OU blog

Personal Blogs

Richard Walker

New blog post

Visible to anyone in the world
Edited by Richard Walker, Saturday, 30 Dec 2017, 22:38

A couple of days ago Simon Reid reminded me about Ivor Cutler. A cross between poet, songster, philosopher, and humourist, but always with a touch of surrealism.

Here we have 'Get Away From The Wall'.


When you have digested it, hear that it actually happened to me. Lingering on a Summer's afternoon, and taliking to someone, I rested on a wall.

The owner of the wall appeared quickly and told me it was his wall, and I had no right to sit on it. I could not say his accents were small; I would say they were brusque, perhaps discourteous.
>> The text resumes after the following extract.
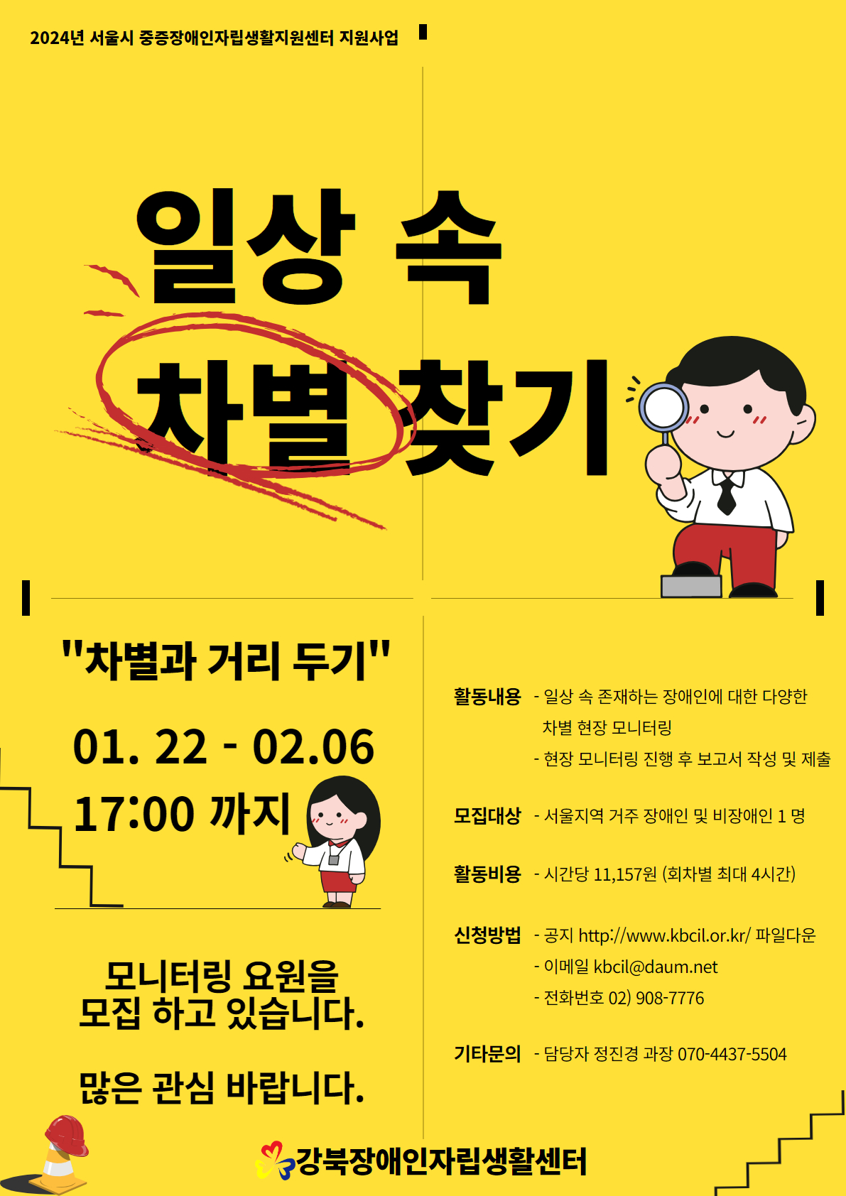 [모집] 2024년 일상 속 차별 찾기 '차별과 거리두기' 모니터링 요원을 모집합니다. 강북센터 0 560 2024.01.24 13:16 http://kbcil.or.kr/?c=user&mcd=community_notice&me=bbs_detail&idx=8119 + 215 2025.02.18 05:24 [강북CIL] 2024년일상 속 차별 찾기 홍보글_신청서최종 1.hwp (70.5K) + 6 많은참여 바랍니다.

I will not hurt your wall, I said, and left.


Permalink Add your comment
Share post

Comments

Me in a rare cheerful mood

New comment

When I was growing up in Enfield, one of my classmates lived in a house in the town centre with a front garden, a low wall and then the bus stop.  As a family, they used to get furious with people sitting on that low wall when waiting for buses and used to go and shout at them to move, every morning and afternoon.  That went on for six years to my knowledge.  He regularly told us about the people he had shouted at when leaving the house in the morning and how he expected to shout at someone else on getting home.

I think there must be some pleasure to be had in shouting at people for an irrelevant transgression of an undocumented personal rule that denies people pleasure or ease.  It is certainly common in the workplace.


As children, some of us used to go out of our way to use that bus stop, just so we could dare to sit on their wall.


I wonder how many people do not use the benches at beauty spots that have memorial plaques on them, for fear that someone will come along and shout at them.  It is a small fear of mine that I will be asked to move on because I'm sitting on someone's Dad's bench.  I would be so embarrassed.